MC875063 - Microsoft Defender for Identity: New recommendations for Microsoft Secure Score

Service

Microsoft Defender XDR

Published

Aug 27, 2024

Tag

New feature
User impact
Admin impact

Summary

Microsoft Defender for Identity will soon add new recommendations to Microsoft Secure Score, automatically updating scores to better reflect security posture. Public Preview and General Availability rollouts will begin mid-September 2024. Organizations should review Microsoft Secure Score improvement actions to prepare.

More information

Coming soon for Microsoft Defender XDR | Microsoft Defender for Identity: We’re adding to Microsoft Secure Score improvement actions to ensure a more accurate representation of security posture. We will update your score automatically.

When this will happen:

Public Preview: We will begin rolling out mid-September 2024 and expect to complete by late September 2024.

General Availability (Worldwide, GCC, GCC High, DoD, USSec, USNat): We will begin rolling out mid-September 2024 and expect to complete by mid-October 2024.

How this will affect your organization:

After this rollout, the Defender XDR portal will include these new Microsoft Defender for Identity recommendations as Microsoft Secure Score improvement actions:

  • Accounts with non-default Primary Group ID
  • Domain Controllers with computer account password unchanged for more than 45 days
  • GPO assigns unprivileged identities to local groups with elevated privileges
  • GPO can be modified by unprivileged accounts
  • GPO contains passwords Group Policy Preferences files
  • Built-in Active Directory Guest account is enabled
  • Unsafe permissions on the DnsAdmins group
  • Ensure that all privileged accounts have the configuration flag "this account is sensitive and cannot be delegated"
  • Change password of krbtgt account
  • Change password of built-in domain Administrator account

Additionally, we are updating the existing recommendation of "Modify unsecure Kerberos delegations to prevent impersonation" to include indication of Kerberos Constrained Delegation with Protocol Transition to a privileged service.

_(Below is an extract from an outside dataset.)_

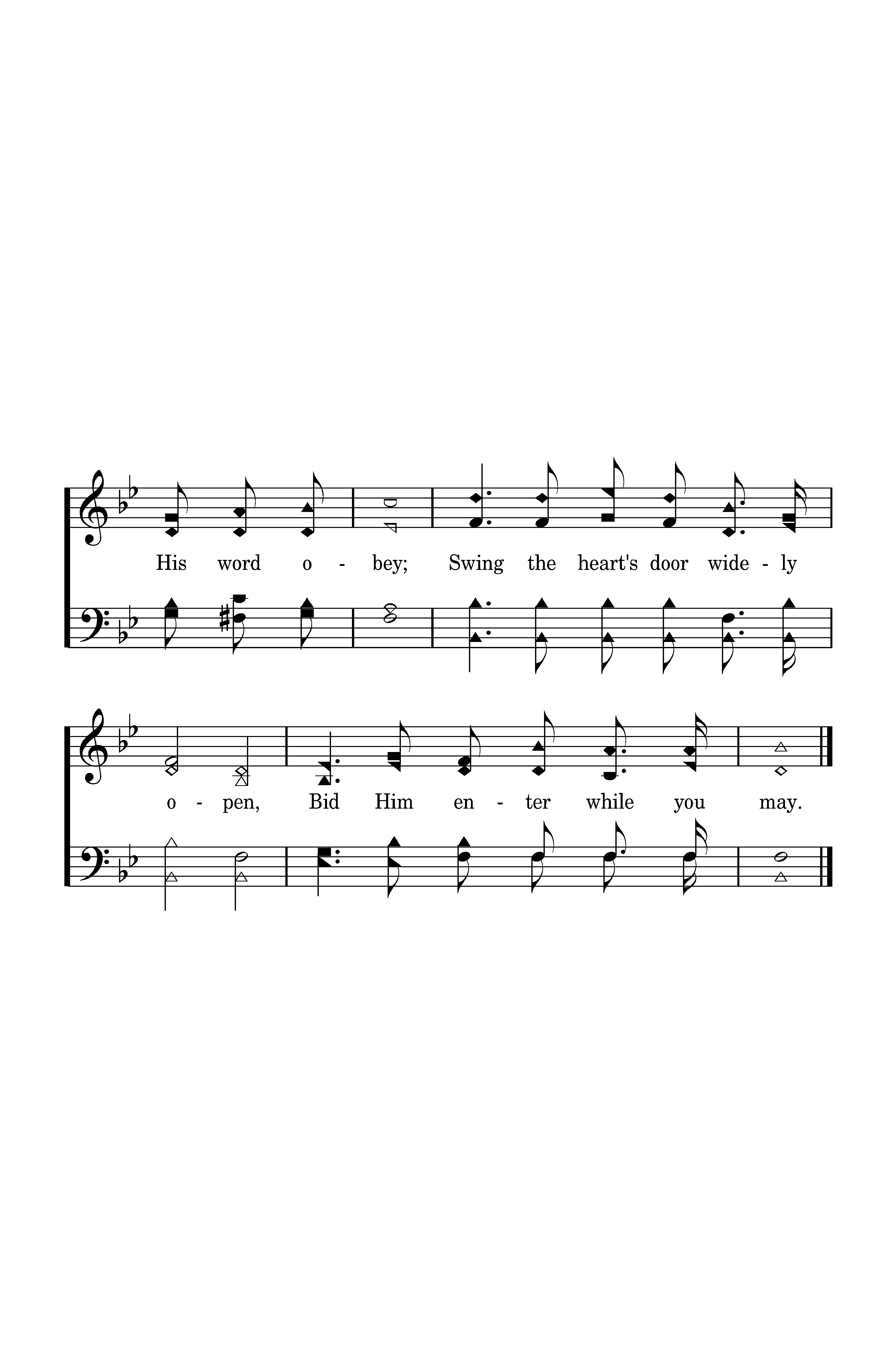 Room for Jesus, King of glory! Hasten now, His word obey; Swing the heart's door widely open, Bid Him enter while you may.

These new identity recommendations are new security posture reports related to Active Directory and Group policy objects and will be available by default to customers who have installed a Defender for Identity sensor.

These recommendations are on by default.

What you need to do to prepare:

We recommend reviewing the improvement actions listed in Microsoft Secure Score. We will continue to add suggested security improvement actions on an ongoing basis.

Learn more: Security posture assessments - Microsoft Defender for Identity | Microsoft Learn (article will be updated before rollout begins)

This rollout will happen automatically by the specified date with no admin action required before the rollout. You may want to notify your admins about this change and update any relevant documentation.